Using the data below, return word for word every line from the one holding "kapsy nebo tašky." down to the one holding "フリーランスは、取引拒否された場合も「登録しない」が副業の3倍多い". Leave pictures out.

++++ Records supplied

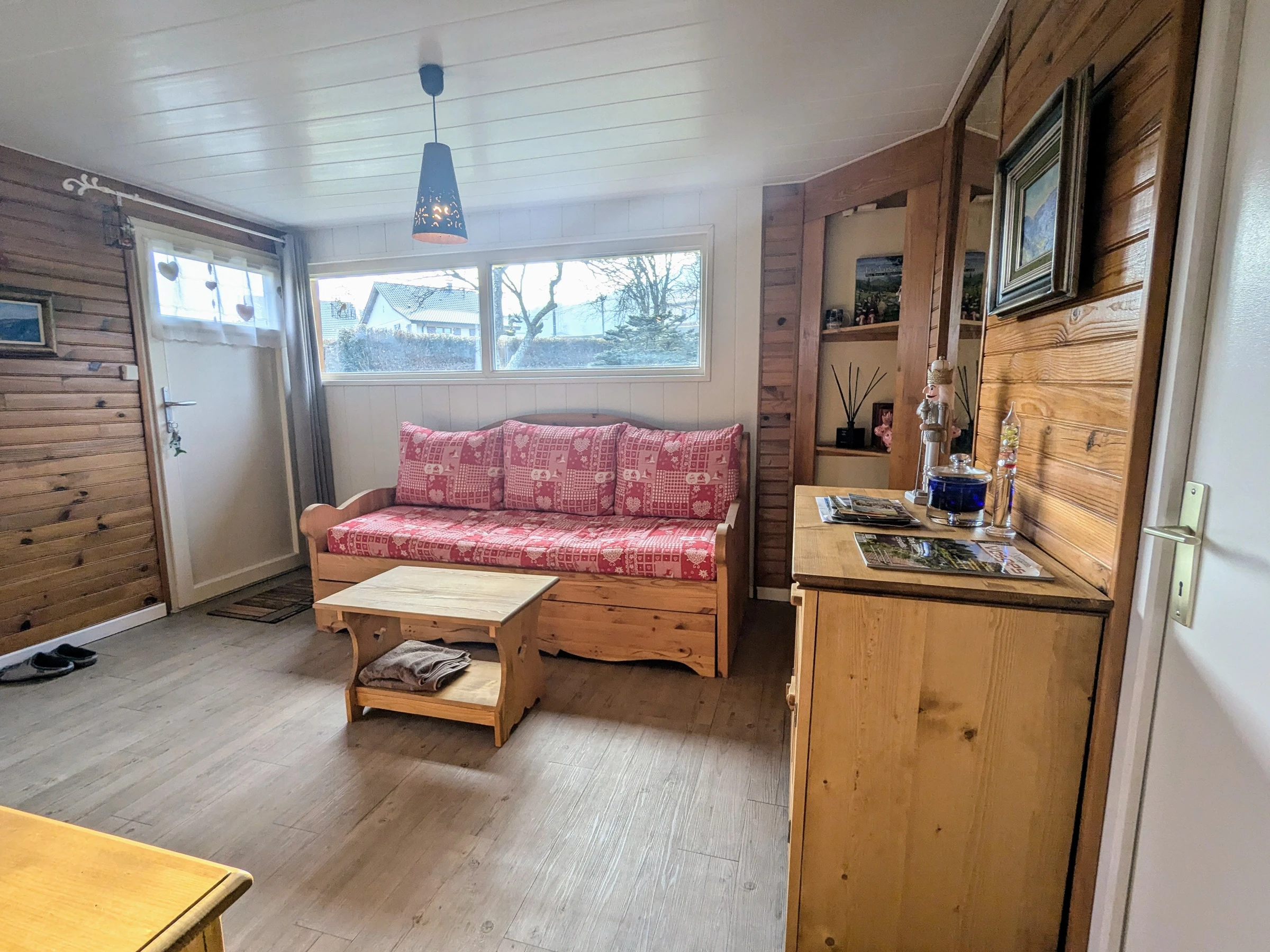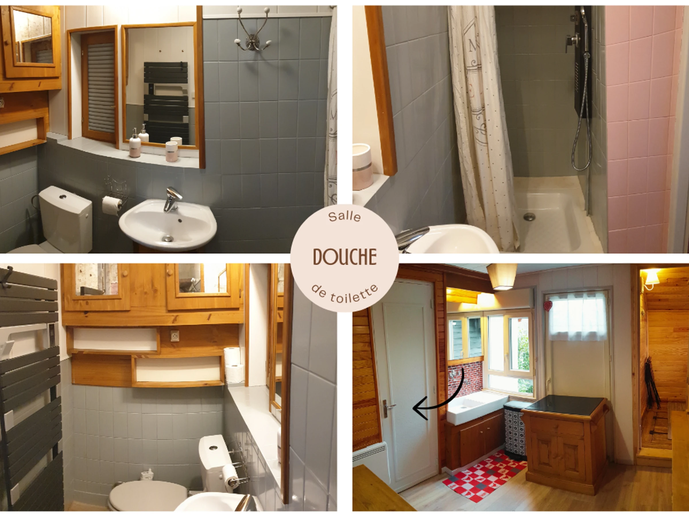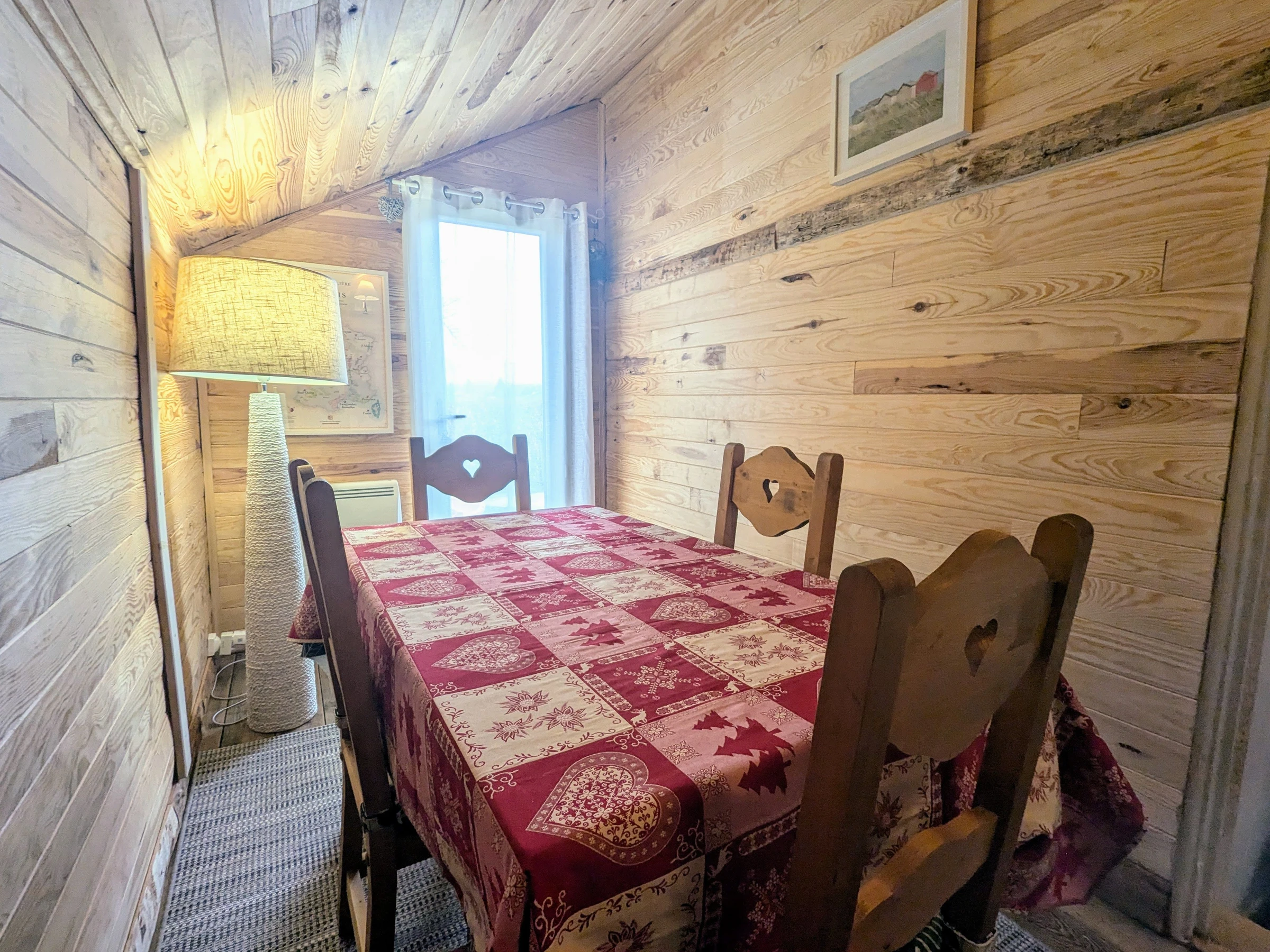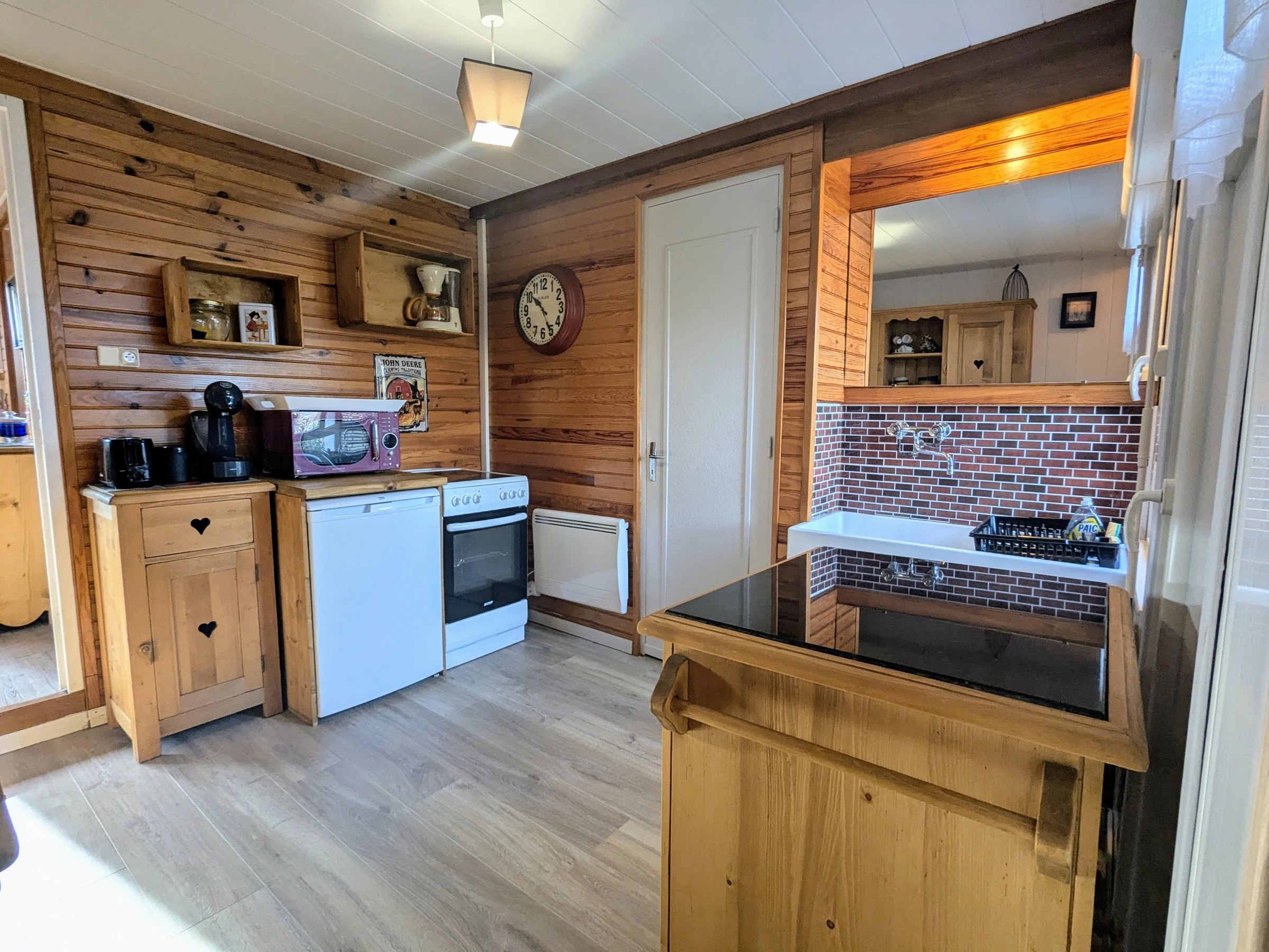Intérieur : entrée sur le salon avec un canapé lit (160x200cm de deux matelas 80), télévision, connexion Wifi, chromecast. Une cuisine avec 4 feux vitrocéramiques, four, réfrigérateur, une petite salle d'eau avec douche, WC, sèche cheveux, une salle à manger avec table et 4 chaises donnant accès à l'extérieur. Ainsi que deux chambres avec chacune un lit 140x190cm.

++++++++
++++ Records supplied

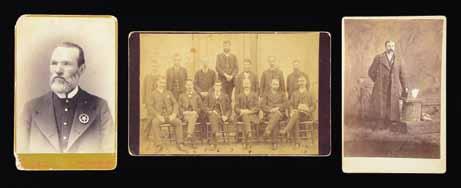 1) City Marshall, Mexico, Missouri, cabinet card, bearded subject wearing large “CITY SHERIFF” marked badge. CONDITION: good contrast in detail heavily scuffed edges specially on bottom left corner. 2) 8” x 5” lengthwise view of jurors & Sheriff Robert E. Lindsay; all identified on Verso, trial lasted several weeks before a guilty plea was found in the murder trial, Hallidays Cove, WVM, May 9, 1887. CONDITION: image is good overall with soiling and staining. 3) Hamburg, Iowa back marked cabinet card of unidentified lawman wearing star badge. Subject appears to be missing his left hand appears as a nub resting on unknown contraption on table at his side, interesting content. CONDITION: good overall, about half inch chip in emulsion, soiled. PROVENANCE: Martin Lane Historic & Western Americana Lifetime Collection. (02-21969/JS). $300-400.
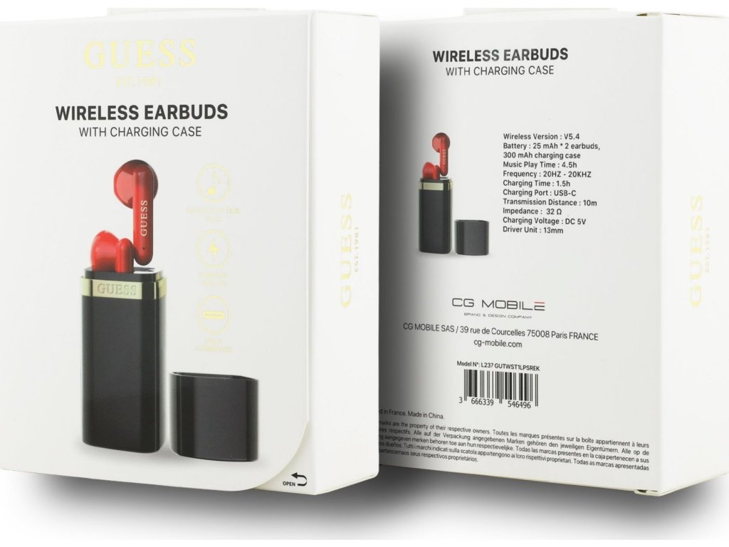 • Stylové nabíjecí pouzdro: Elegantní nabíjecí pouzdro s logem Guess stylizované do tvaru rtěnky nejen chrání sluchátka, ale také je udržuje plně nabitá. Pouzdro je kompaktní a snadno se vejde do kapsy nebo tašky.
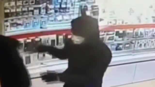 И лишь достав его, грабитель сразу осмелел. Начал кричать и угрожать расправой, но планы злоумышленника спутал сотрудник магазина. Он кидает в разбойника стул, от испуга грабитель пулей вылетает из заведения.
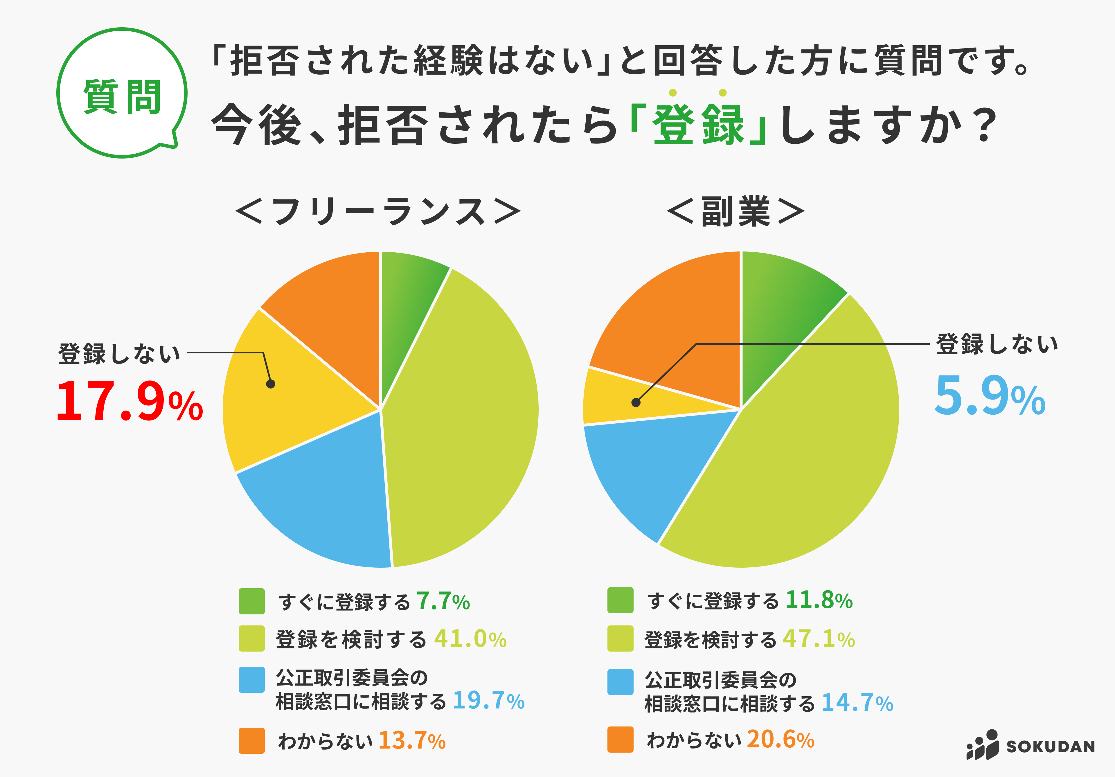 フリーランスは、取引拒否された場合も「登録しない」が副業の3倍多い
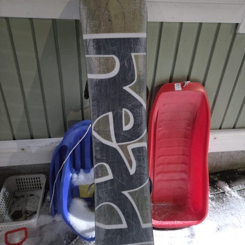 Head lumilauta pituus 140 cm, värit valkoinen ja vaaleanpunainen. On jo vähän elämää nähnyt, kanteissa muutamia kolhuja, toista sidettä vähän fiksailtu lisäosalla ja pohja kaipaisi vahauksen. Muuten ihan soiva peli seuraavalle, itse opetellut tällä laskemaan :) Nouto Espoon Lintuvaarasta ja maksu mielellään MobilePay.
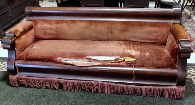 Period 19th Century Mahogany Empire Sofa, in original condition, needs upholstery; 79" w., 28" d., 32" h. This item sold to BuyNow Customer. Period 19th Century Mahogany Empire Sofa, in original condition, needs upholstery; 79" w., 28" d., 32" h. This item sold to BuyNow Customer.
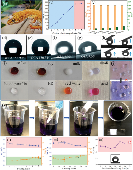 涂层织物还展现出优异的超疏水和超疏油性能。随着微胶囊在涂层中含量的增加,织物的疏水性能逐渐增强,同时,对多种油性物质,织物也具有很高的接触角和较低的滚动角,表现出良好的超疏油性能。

++++++++

▶ **Your solution**
 • Stylové nabíjecí pouzdro: Elegantní nabíjecí pouzdro s logem Guess stylizované do tvaru rtěnky nejen chrání sluchátka, ale také je udržuje plně nabitá. Pouzdro je kompaktní a snadno se vejde do kapsy nebo tašky.
 И лишь достав его, грабитель сразу осмелел. Начал кричать и угрожать расправой, но планы злоумышленника спутал сотрудник магазина. Он кидает в разбойника стул, от испуга грабитель пулей вылетает из заведения.
 フリーランスは、取引拒否された場合も「登録しない」が副業の3倍多い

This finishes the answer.